▶ The input:
- - -

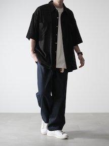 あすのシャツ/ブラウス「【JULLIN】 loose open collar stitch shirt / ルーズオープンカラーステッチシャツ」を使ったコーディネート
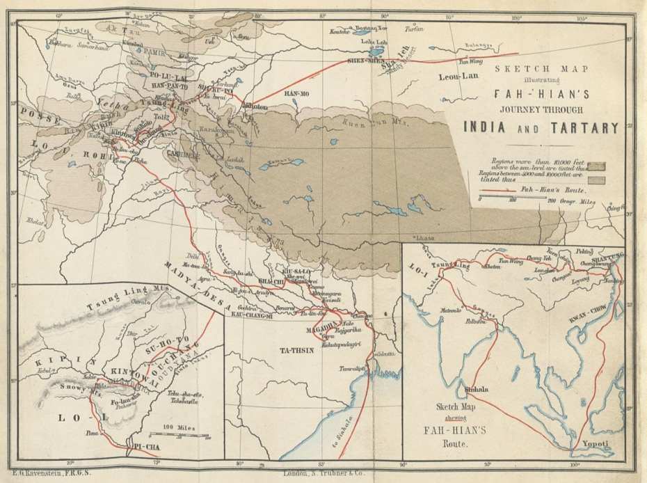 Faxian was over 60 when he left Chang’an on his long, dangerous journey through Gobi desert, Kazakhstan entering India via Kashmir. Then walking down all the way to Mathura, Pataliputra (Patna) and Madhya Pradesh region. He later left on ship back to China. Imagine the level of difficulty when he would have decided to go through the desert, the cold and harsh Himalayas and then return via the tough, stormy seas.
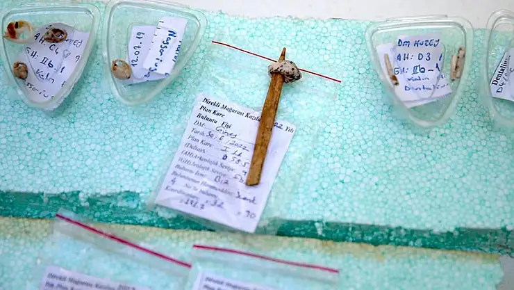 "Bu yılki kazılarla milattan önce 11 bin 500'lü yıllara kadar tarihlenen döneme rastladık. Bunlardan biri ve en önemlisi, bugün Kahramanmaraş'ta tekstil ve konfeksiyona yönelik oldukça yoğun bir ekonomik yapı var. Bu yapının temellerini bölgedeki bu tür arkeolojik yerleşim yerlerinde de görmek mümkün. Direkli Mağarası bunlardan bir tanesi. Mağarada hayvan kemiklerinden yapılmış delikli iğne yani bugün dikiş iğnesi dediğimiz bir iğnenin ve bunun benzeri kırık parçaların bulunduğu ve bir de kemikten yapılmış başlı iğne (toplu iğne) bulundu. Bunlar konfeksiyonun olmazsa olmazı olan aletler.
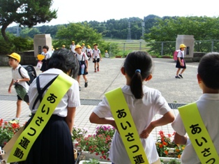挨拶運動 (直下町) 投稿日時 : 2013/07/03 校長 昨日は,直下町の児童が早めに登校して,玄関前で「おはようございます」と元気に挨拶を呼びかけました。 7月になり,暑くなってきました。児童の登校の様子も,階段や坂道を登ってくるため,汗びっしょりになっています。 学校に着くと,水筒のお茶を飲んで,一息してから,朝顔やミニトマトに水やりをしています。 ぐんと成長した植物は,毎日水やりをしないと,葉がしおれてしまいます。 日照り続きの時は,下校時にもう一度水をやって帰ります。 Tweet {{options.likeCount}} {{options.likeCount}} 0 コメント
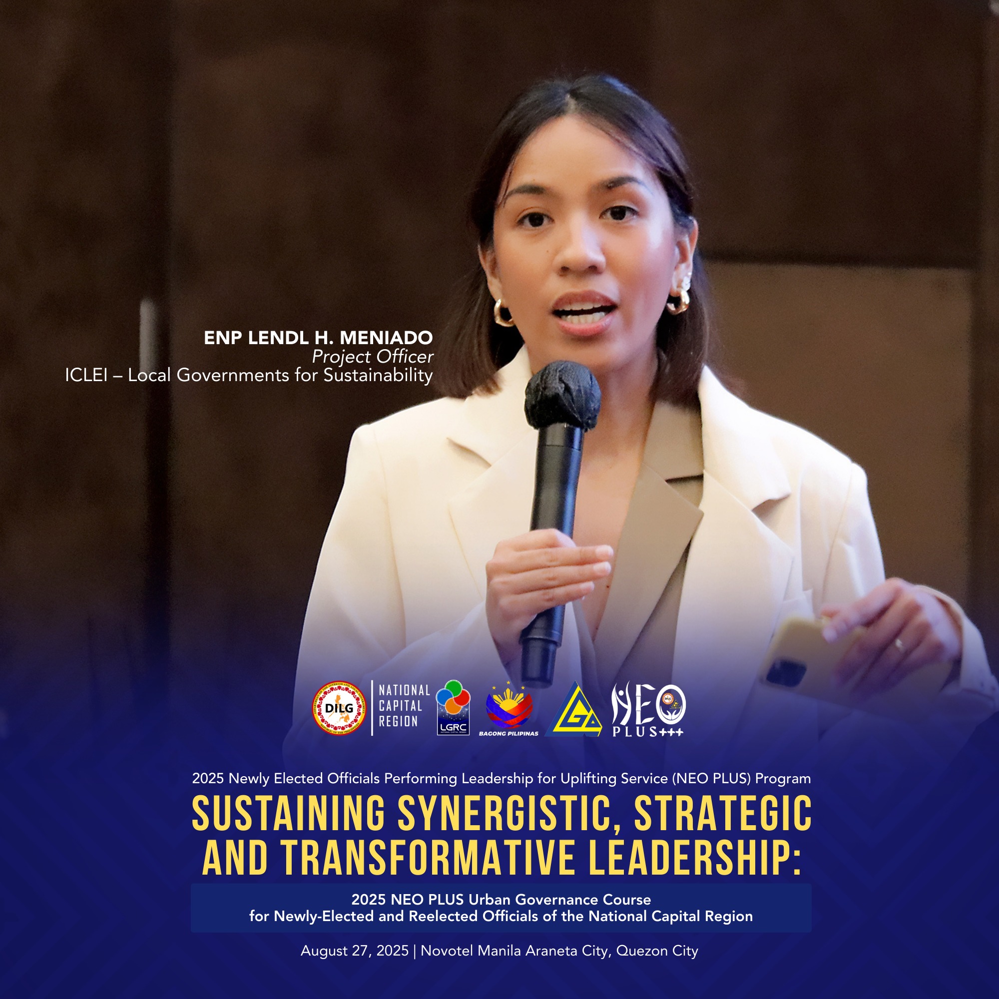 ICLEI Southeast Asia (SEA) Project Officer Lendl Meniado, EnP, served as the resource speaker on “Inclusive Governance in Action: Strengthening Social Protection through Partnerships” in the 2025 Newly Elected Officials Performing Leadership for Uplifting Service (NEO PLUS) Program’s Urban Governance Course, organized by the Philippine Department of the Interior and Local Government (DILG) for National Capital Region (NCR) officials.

- - -

▶ Problem description: Go back to the listing above and reproduce, exactly, the stretch from the line bearing "Faxian was over" through the line bearing "挨拶運動 (直下町) 投稿日時", without its pictures.

▶ Response below:
 Faxian was over 60 when he left Chang’an on his long, dangerous journey through Gobi desert, Kazakhstan entering India via Kashmir. Then walking down all the way to Mathura, Pataliputra (Patna) and Madhya Pradesh region. He later left on ship back to China. Imagine the level of difficulty when he would have decided to go through the desert, the cold and harsh Himalayas and then return via the tough, stormy seas.
 "Bu yılki kazılarla milattan önce 11 bin 500'lü yıllara kadar tarihlenen döneme rastladık. Bunlardan biri ve en önemlisi, bugün Kahramanmaraş'ta tekstil ve konfeksiyona yönelik oldukça yoğun bir ekonomik yapı var. Bu yapının temellerini bölgedeki bu tür arkeolojik yerleşim yerlerinde de görmek mümkün. Direkli Mağarası bunlardan bir tanesi. Mağarada hayvan kemiklerinden yapılmış delikli iğne yani bugün dikiş iğnesi dediğimiz bir iğnenin ve bunun benzeri kırık parçaların bulunduğu ve bir de kemikten yapılmış başlı iğne (toplu iğne) bulundu. Bunlar konfeksiyonun olmazsa olmazı olan aletler.
挨拶運動 (直下町) 投稿日時 : 2013/07/03 校長 昨日は,直下町の児童が早めに登校して,玄関前で「おはようございます」と元気に挨拶を呼びかけました。 7月になり,暑くなってきました。児童の登校の様子も,階段や坂道を登ってくるため,汗びっしょりになっています。 学校に着くと,水筒のお茶を飲んで,一息してから,朝顔やミニトマトに水やりをしています。 ぐんと成長した植物は,毎日水やりをしないと,葉がしおれてしまいます。 日照り続きの時は,下校時にもう一度水をやって帰ります。 Tweet {{options.likeCount}} {{options.likeCount}} 0 コメント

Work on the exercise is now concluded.